Work order: Restate, exactly as written, the entries below from the line that holds "揮発性が高いため、ガラス面に" through the line that holds "PAIA STONE Reka". Pictures are not part of the copy.

Data:
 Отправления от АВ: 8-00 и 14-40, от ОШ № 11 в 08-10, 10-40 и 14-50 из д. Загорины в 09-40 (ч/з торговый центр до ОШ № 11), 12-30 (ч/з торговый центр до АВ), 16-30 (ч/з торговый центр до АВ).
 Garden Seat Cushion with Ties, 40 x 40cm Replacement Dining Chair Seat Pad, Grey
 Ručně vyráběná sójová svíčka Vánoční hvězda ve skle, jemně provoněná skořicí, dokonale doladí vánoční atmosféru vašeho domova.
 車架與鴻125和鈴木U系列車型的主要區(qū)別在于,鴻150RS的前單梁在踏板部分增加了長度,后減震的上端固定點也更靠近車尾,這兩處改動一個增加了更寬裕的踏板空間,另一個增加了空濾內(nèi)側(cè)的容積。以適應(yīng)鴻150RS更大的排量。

---

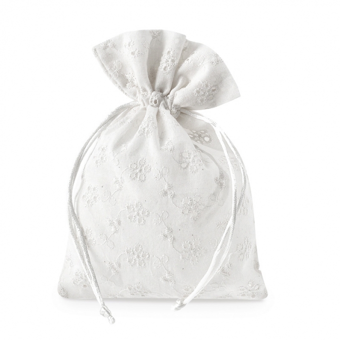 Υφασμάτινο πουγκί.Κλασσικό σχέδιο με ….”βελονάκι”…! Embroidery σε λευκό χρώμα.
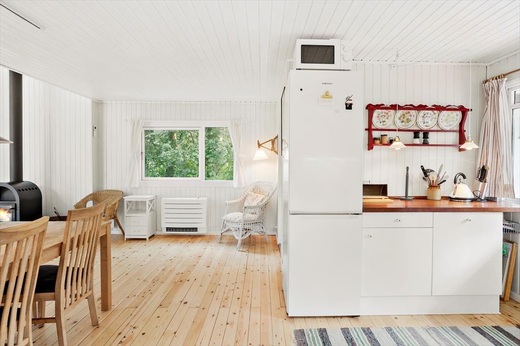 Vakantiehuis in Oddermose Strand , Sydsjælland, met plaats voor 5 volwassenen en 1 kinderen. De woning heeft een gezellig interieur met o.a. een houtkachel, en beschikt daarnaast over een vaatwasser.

...

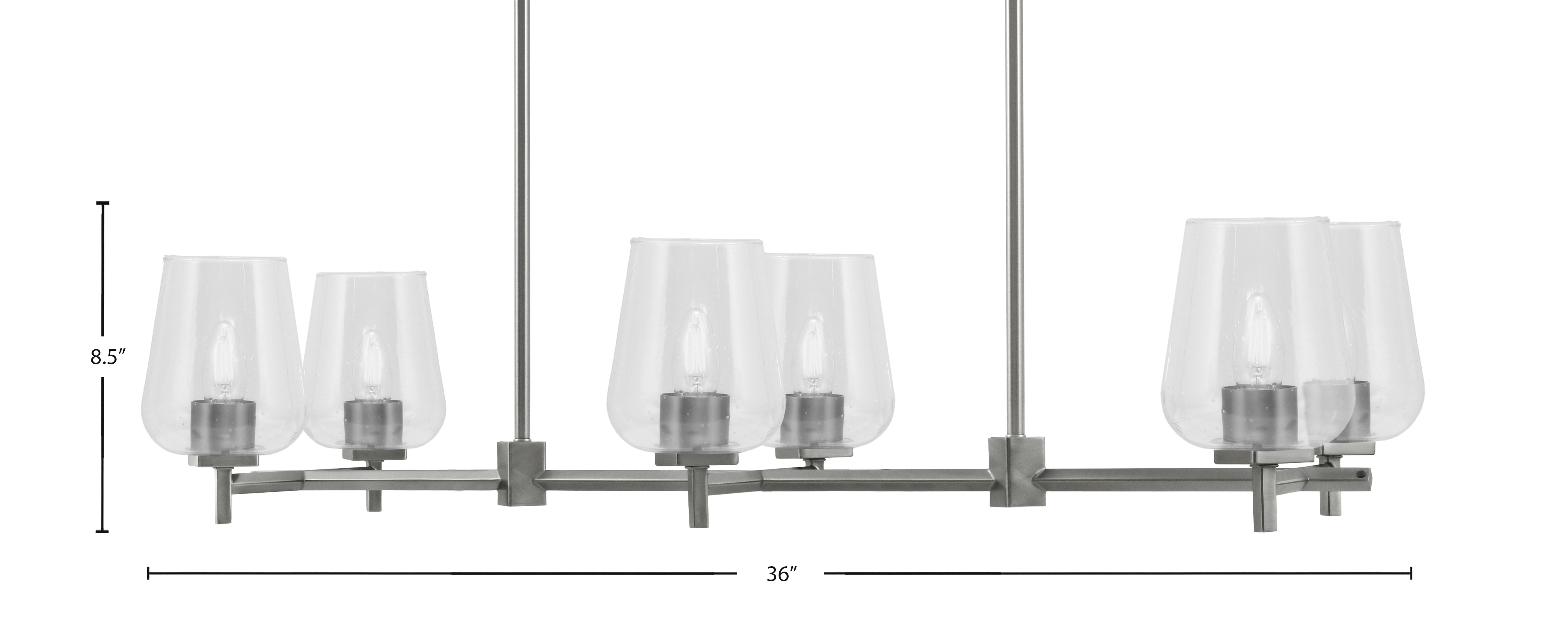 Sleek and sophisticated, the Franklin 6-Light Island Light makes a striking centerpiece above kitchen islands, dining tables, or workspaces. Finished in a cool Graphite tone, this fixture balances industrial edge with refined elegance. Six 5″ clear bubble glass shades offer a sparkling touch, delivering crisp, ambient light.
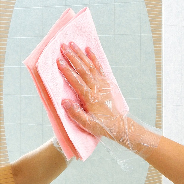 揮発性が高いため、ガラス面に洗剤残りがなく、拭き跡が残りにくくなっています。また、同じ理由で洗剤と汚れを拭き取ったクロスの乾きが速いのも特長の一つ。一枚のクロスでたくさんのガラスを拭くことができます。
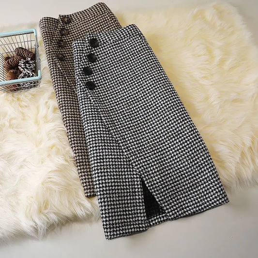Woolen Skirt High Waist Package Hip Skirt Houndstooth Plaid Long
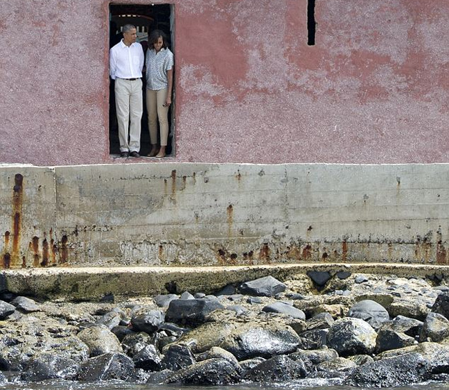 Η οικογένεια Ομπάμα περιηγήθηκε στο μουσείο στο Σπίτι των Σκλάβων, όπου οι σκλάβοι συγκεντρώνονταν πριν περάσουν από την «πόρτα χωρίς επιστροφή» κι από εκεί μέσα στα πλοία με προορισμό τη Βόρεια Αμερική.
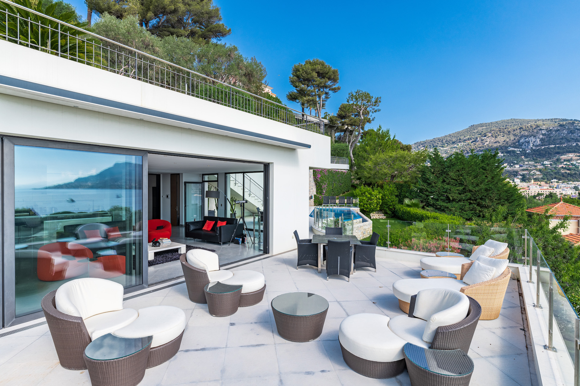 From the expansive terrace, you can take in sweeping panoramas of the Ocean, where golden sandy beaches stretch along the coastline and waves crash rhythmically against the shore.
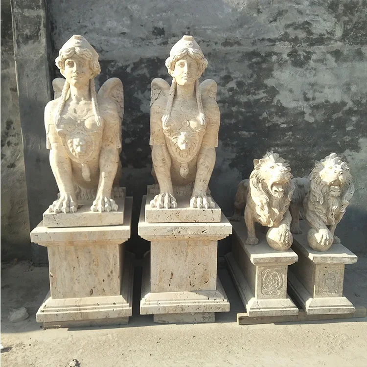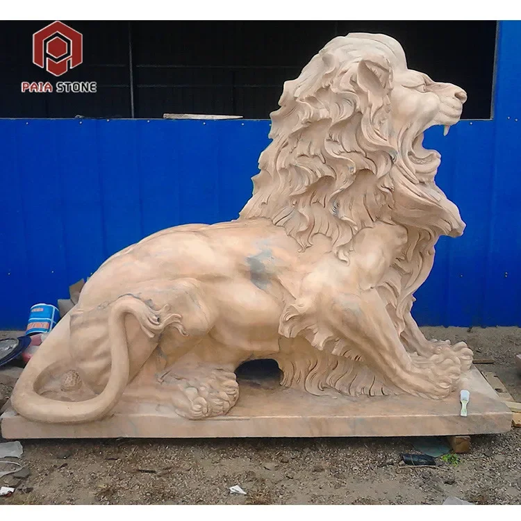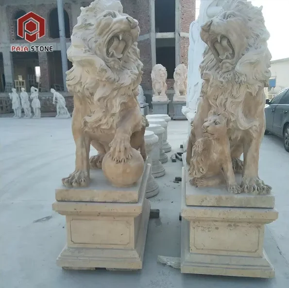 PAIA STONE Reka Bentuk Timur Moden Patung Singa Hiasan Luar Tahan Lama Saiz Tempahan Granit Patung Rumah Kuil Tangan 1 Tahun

Exercise result:
 揮発性が高いため、ガラス面に洗剤残りがなく、拭き跡が残りにくくなっています。また、同じ理由で洗剤と汚れを拭き取ったクロスの乾きが速いのも特長の一つ。一枚のクロスでたくさんのガラスを拭くことができます。
Woolen Skirt High Waist Package Hip Skirt Houndstooth Plaid Long
 Η οικογένεια Ομπάμα περιηγήθηκε στο μουσείο στο Σπίτι των Σκλάβων, όπου οι σκλάβοι συγκεντρώνονταν πριν περάσουν από την «πόρτα χωρίς επιστροφή» κι από εκεί μέσα στα πλοία με προορισμό τη Βόρεια Αμερική.
 From the expansive terrace, you can take in sweeping panoramas of the Ocean, where golden sandy beaches stretch along the coastline and waves crash rhythmically against the shore.
 PAIA STONE Reka Bentuk Timur Moden Patung Singa Hiasan Luar Tahan Lama Saiz Tempahan Granit Patung Rumah Kuil Tangan 1 Tahun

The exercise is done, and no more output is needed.